**Try it**. Could you retype every line below exactly, omitting the images?

Records contained in a dataset:
────────

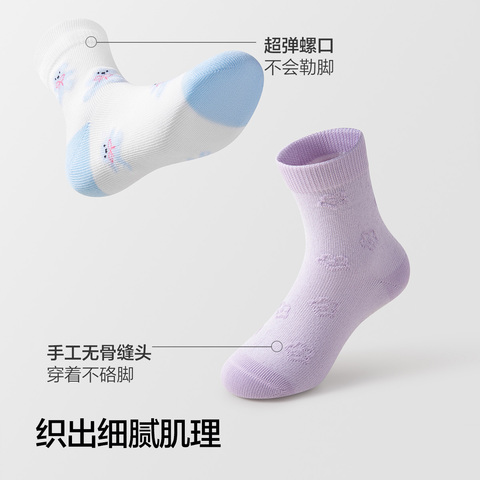 五双装撞色设计儿童棉袜,柔软亲肤,弹性好,适合春秋穿着。女童中筒款,提花细节更显精致,舒适保暖,呵护小脚丫!
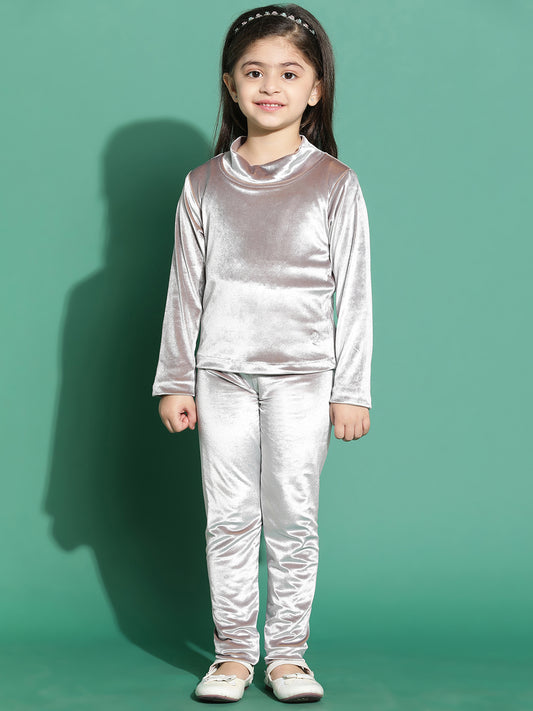 Girls Polyester Silver Top & Legging Co-Ord Set
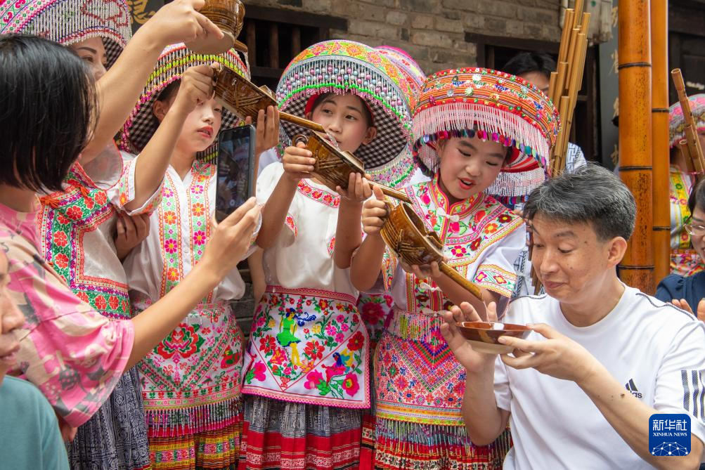 7月29日,在重慶市綦江區安穩鎮,當地居民在“苗家伏羊節”上用傳統習俗向游客表達祝福。
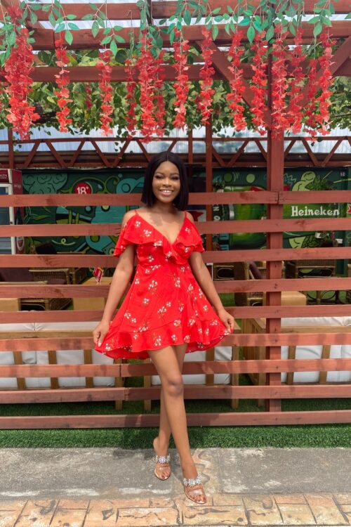 RED FLORAL WRAP DRESS
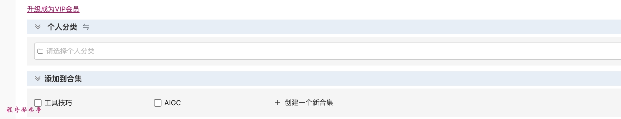 添加到合集的实现方式跟个人分类有些类似。
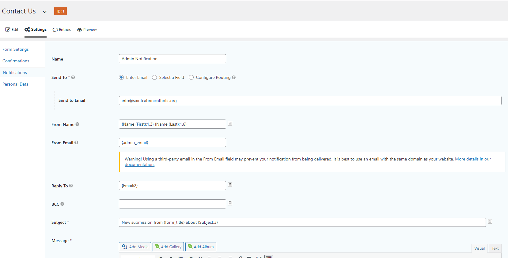 ✔ Add Fr. Charles to Contact Us notifications

────────

**Response to the exercise**.
 五双装撞色设计儿童棉袜,柔软亲肤,弹性好,适合春秋穿着。女童中筒款,提花细节更显精致,舒适保暖,呵护小脚丫!
 Girls Polyester Silver Top & Legging Co-Ord Set
 7月29日,在重慶市綦江區安穩鎮,當地居民在“苗家伏羊節”上用傳統習俗向游客表達祝福。
 RED FLORAL WRAP DRESS
 添加到合集的实现方式跟个人分类有些类似。
 ✔ Add Fr. Charles to Contact Us notifications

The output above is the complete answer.